[TASK DETAILS] Transcribe the listing in full, excluding any pictures.

[DATA SHOWN]
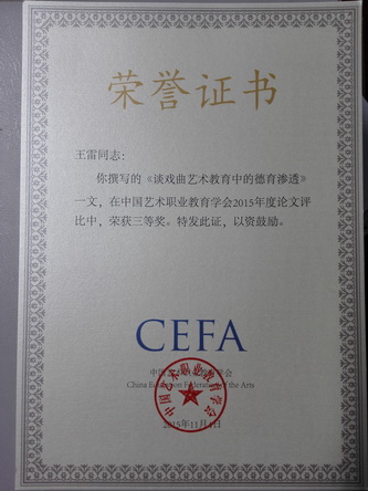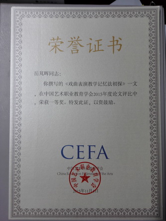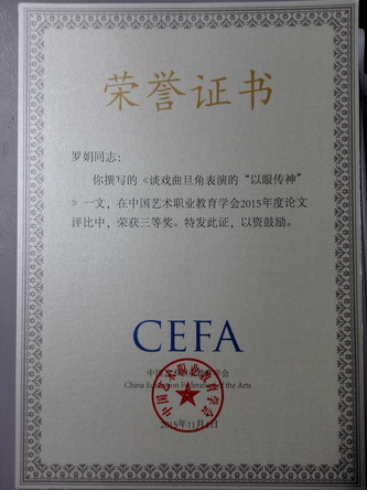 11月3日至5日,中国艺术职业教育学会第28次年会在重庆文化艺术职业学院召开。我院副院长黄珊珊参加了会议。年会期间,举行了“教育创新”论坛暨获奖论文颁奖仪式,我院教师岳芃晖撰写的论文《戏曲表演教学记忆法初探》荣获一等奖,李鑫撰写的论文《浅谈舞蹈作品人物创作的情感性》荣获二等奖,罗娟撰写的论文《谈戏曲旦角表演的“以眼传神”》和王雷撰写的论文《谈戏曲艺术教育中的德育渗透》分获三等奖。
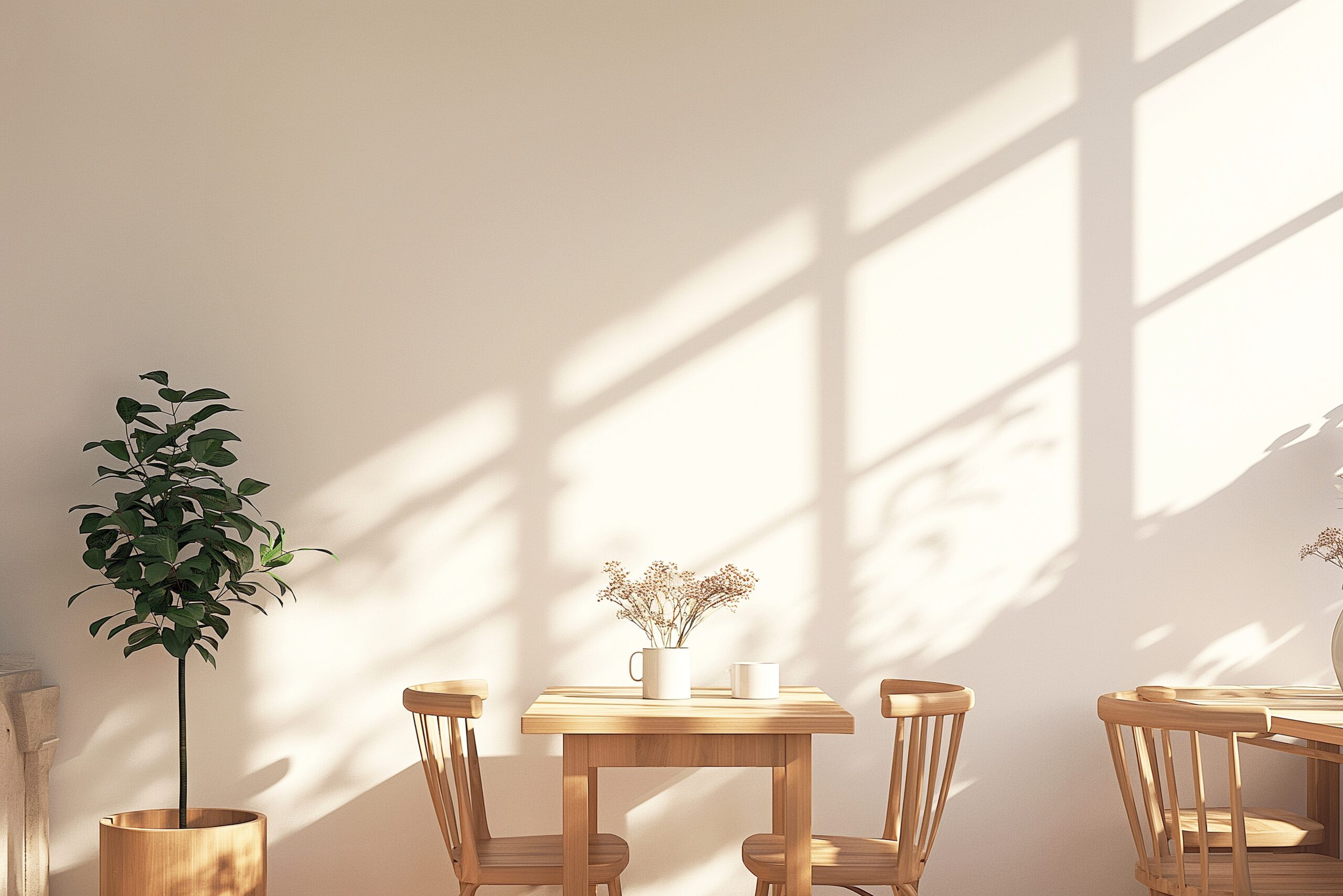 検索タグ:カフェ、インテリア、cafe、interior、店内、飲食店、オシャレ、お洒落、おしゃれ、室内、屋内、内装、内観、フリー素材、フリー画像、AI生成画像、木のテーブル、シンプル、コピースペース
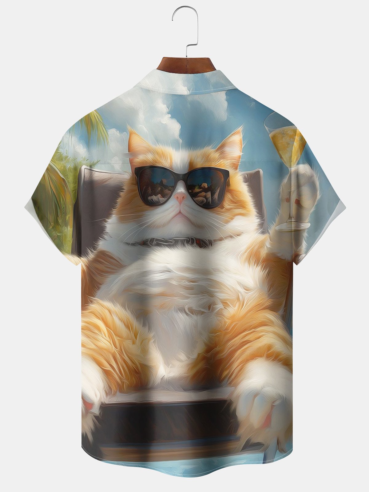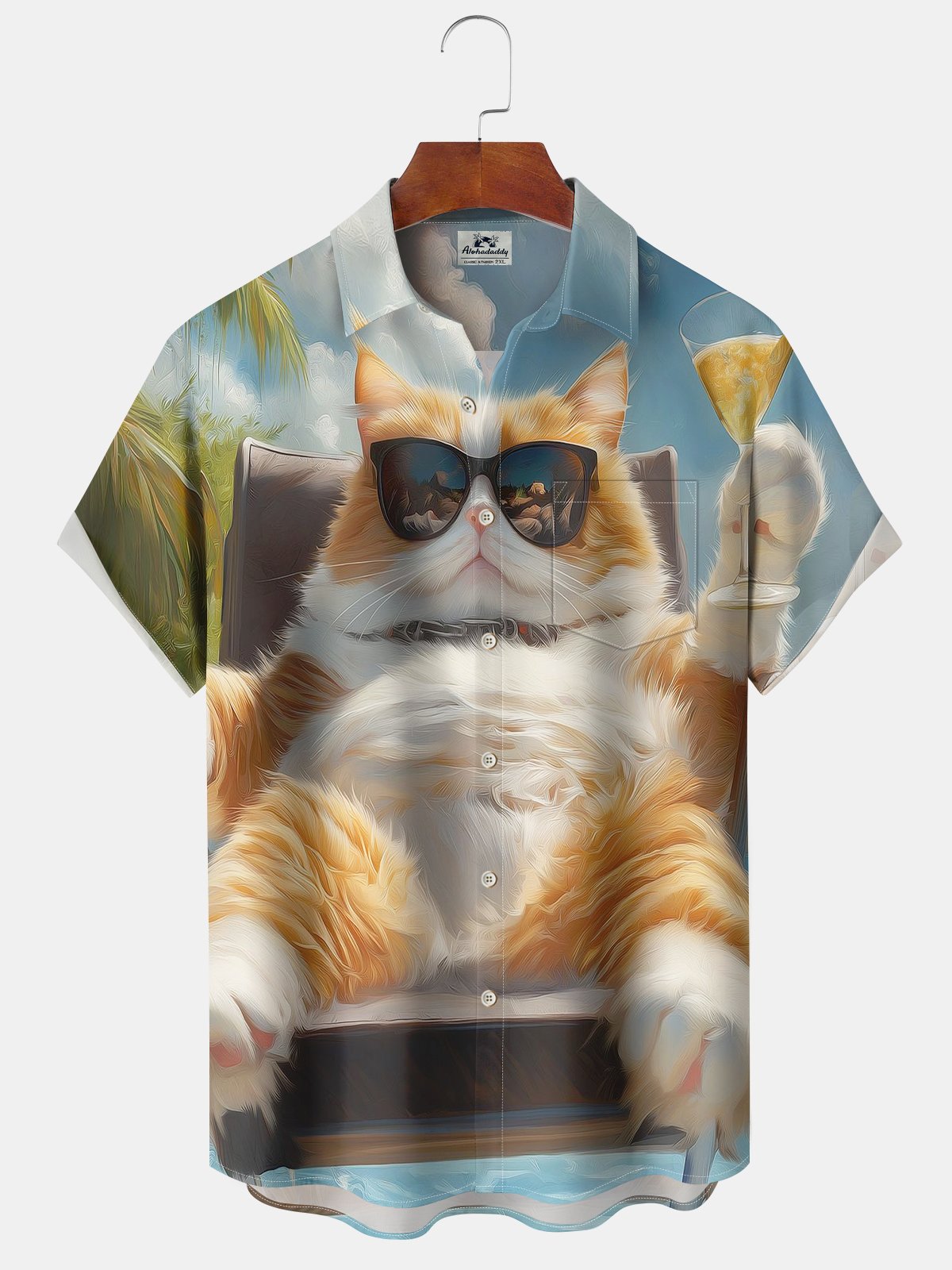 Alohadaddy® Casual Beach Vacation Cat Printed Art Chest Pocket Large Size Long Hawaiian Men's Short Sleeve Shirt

[SOLUTION]
 11月3日至5日,中国艺术职业教育学会第28次年会在重庆文化艺术职业学院召开。我院副院长黄珊珊参加了会议。年会期间,举行了“教育创新”论坛暨获奖论文颁奖仪式,我院教师岳芃晖撰写的论文《戏曲表演教学记忆法初探》荣获一等奖,李鑫撰写的论文《浅谈舞蹈作品人物创作的情感性》荣获二等奖,罗娟撰写的论文《谈戏曲旦角表演的“以眼传神”》和王雷撰写的论文《谈戏曲艺术教育中的德育渗透》分获三等奖。
 検索タグ:カフェ、インテリア、cafe、interior、店内、飲食店、オシャレ、お洒落、おしゃれ、室内、屋内、内装、内観、フリー素材、フリー画像、AI生成画像、木のテーブル、シンプル、コピースペース
 Alohadaddy® Casual Beach Vacation Cat Printed Art Chest Pocket Large Size Long Hawaiian Men's Short Sleeve Shirt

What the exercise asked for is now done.